§ Data provided
——————

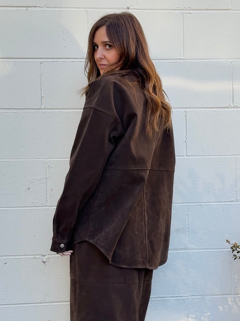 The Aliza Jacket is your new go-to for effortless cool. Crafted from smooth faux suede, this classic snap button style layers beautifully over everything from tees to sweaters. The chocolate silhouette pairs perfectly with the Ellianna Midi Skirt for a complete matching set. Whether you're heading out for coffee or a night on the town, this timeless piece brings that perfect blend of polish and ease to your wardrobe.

——————

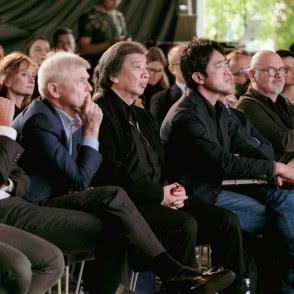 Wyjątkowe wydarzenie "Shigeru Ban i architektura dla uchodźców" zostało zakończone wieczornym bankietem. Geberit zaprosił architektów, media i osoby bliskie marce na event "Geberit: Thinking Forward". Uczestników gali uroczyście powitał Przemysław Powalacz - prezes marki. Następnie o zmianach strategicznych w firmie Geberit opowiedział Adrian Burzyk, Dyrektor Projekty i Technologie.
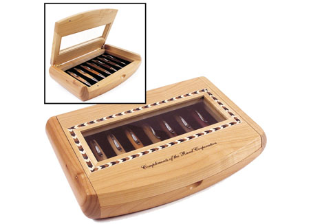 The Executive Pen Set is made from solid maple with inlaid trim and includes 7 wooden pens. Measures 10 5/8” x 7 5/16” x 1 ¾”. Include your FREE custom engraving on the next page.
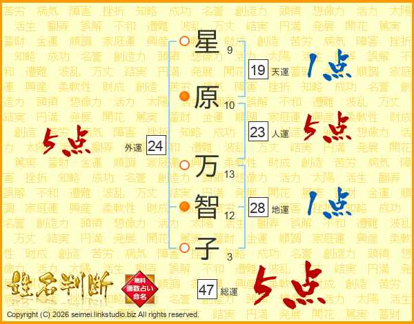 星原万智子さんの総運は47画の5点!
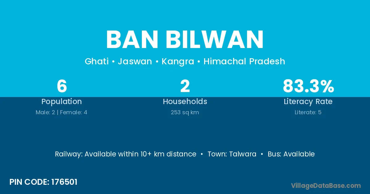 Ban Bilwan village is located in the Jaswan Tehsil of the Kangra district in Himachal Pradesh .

——————

§ Prompt
Line for line, output the entries above from the line with "星原万智子さんの総運は47画の5点!" to the line with "Ban Bilwan village", both included, and nothing more. Skip pictures.

§ Written solution
 星原万智子さんの総運は47画の5点!
 Ban Bilwan village is located in the Jaswan Tehsil of the Kangra district in Himachal Pradesh .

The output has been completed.